Windesheim heeft met de nieuwe examenregeling mogelijkheden om studenten aan te pakken die medeplichtig zijn aan fraude. In het ergste geval kunnen zij van de opleiding verwijderd worden.
Tot nu toe kon een examencommissie alleen optreden tegen de frauderende student zelf, maar er was geen mogelijkheid om iets te doen tegen medefraudeurs: studenten die anderen helpen of aanzetten tot fraude.
Dat is met ingang van dit studiejaar veranderd. In de regels voor tentaminering (bij de nieuwe onderwijs- en examenregeling 2021-2022) is een extra bepaling opgenomen in het artikel over fraude. Daarmee kunnen voortaan ook medefraudeurs aangepakt worden.
Aanleiding voor de nieuwe bepaling was de frustratie van examencommissies over studenten die hun werk te koop aanbieden voor anderen via internet. Ook op Windesheim is het de afgelopen jaren een paar maal voorgekomen dat een student zijn eigen werk te koop aanbood op een landelijke site en dat dit werk gebruikt werd door een andere student van Windesheim.
Landelijke rechter
Hogescholen hadden juridisch gezien geen regels om daar tegen op te treden.

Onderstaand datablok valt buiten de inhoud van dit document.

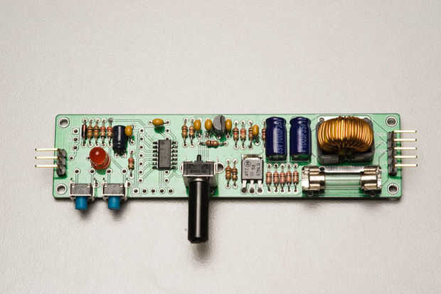 Diseñé el circuito y la PCB para ser tan universal como sea posible, incluyendo todas las opciones posibles. Por ejemplo, puede utilizar DIP (orificio) o versiones SOIC (SMT) del microcontrolador PIC. MOSFET y del inductor se pueden elegir de una variedad de opciones también. Potenciómetro e Interruptores táctiles pueden ser tipos vertical o ángulo recto. Controles que no tienes como IR receptor, potenciómetro y botón telerruptores simplemente pueden omitirse (aunque usted debe tener al menos uno de ellos para utilizar el controlador).
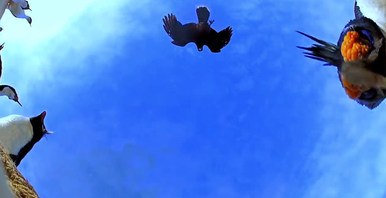 一個裝有攝影機的蛋,被小鳥們踢來踢去也不小心記錄到牠們可愛的模樣了~其實沒有很可愛啦,有點暴力的樣子。 一臉懷 ……
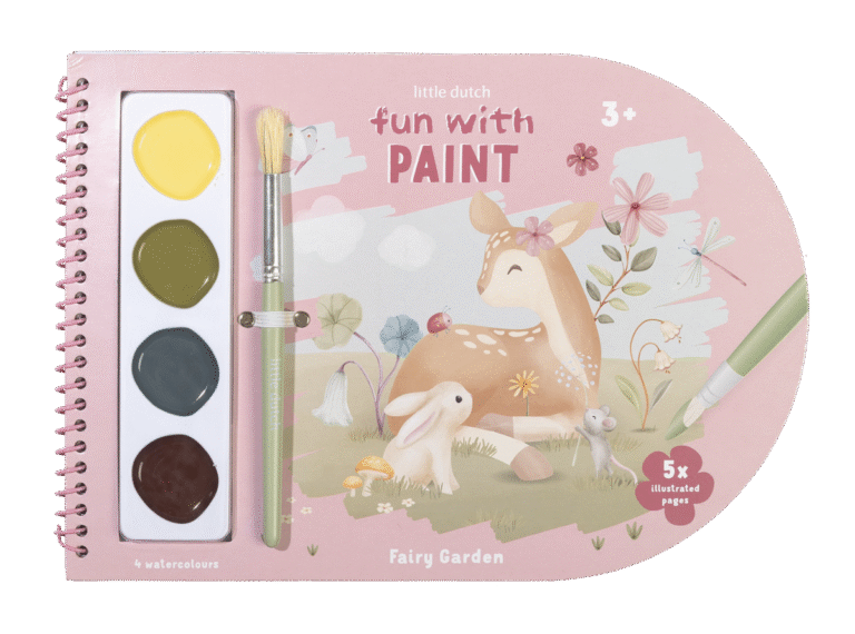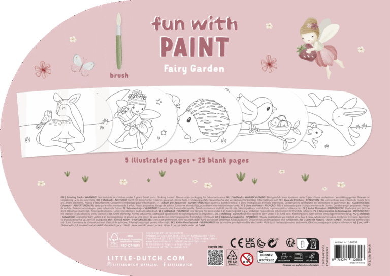 Knygelėje yra teptukas ir keturi akvareliniai dažai, tad vaikai gali pradėti iš karto. Nesvarbu, ar jie nori nuspalvinti fėją, ar nupiešti savo gėlių pievą, kiekvienas puslapis siūlo naują kūrybinę akimirką. Tvirtas popierius leidžia lengvai ir smagiai piešti mažoms rankytėms.

Maar dat is sinds kort veranderd, vertelt Windesheims onderwijsjurist Wim Snippe: “Een landelijke rechter, het College van Beroep voor het hoger onderwijs, heeft onlangs uitgesproken dat ook het faciliteren van fraude op zichzelf als fraude kan worden gezien.”

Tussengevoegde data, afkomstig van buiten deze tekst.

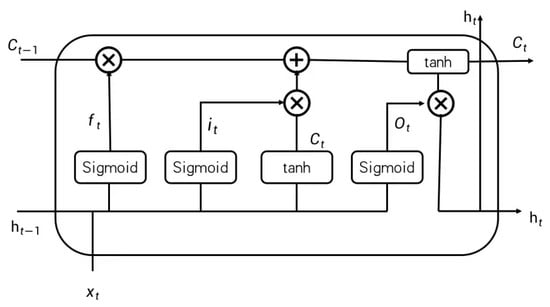 Hochreiter and Schmidhuber first proposed Long Short-Term Memory networks (LSTM) in 1997 as a Recurrent Neural Network (RNN) variant [10]. Compared with the traditional RNN, LSTM neural network presents the characteristics suitable for processing and predicting important events with long intervals and delays in time series [24]. LSTM improves the hidden layer structure of RNN by introducing a system of gating units composed of input gates, forgetting gates, and output gates, which effectively alleviates the gradient disappearance and gradient explosion problems in model training. The structure is shown in Figure 1. Among them, the forgetting gate is used to decide which information needs to be removed from the neuron in the model, the input gate is used to update the unit state, and the output gate is used to control the output to the next moment of the neuron [25].
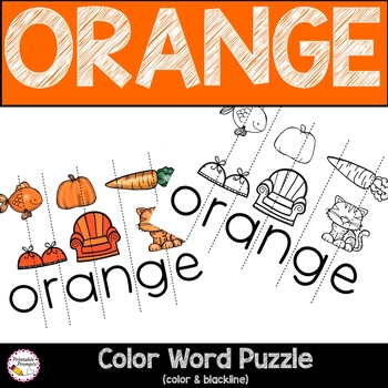 Build color recognition for orange by reading a printable mini book, color with crayons or markers, go on an orange hunt, and completing a cut and paste word puzzle. This is a great Preschool or kindergarten color practice resource. This is a great way to build upon early literacy skills as well!
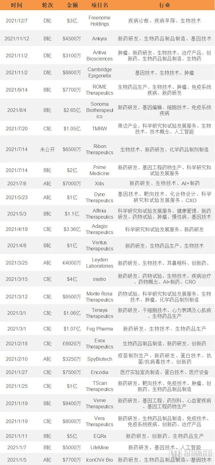 GV在2021年对药物研发初创企业的投资,数据源于动脉橙
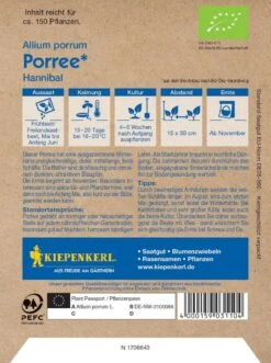 Der winterharte BIO-Porree ‚Hannibal‘ ist ein bekanntes und bewährtes Herbst- und Wintergemüse in hervorragender Bioqualität. Diese mittelspäte Sorte aus dem Profi-Line-Sortiment bringt glatte, weiße Schäfte in beträchtlicher Länge hervor, die einen delikaten mild-würzigen Geschmack haben. Doch auch die dickfleischigen Blätter in dunklem Blaugrün sind äußerst schmackhaft. Von November bis Mai können Sie den zuverlässigen BIO-Porree ernten und genießen, womit sie eine besonders lange Ernteperiode haben.
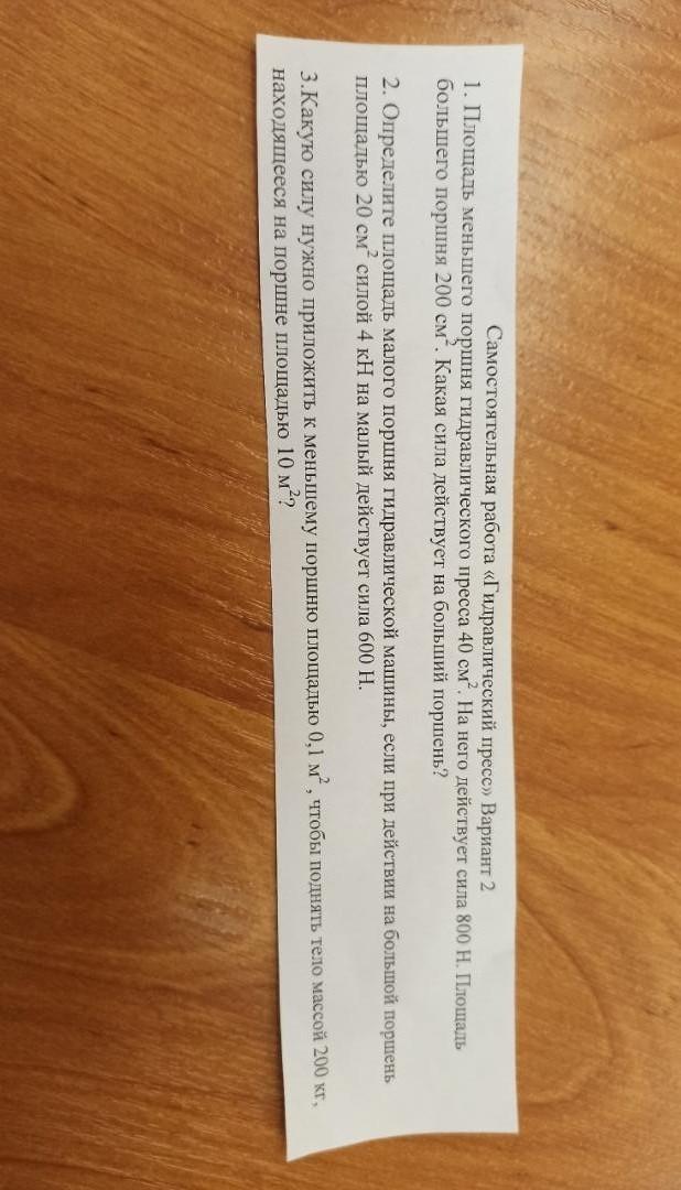 Площадь меньшего поршня гидравлического пресса 40 см^2. На него действует сила 800 Н. Площадь большего поршня 200 см^2. Какая сила действует на больший поршень?

De nieuwe tekst van Windesheims tentamenreglement heeft een ruime definitie van medeplichtigheid gekregen, die aansluit op bestaande juridische termen in het strafrecht: ‘Medeplegen of medeplichtigheid bij fraude, dan wel een ander aanzetten tot het plegen van fraude of uitlokking van fraude’.
Studenten die hun werk te koop aanbieden zullen hiermee aangepakt kunnen worden, omdat ze aantoonbaar fraude uitlokken.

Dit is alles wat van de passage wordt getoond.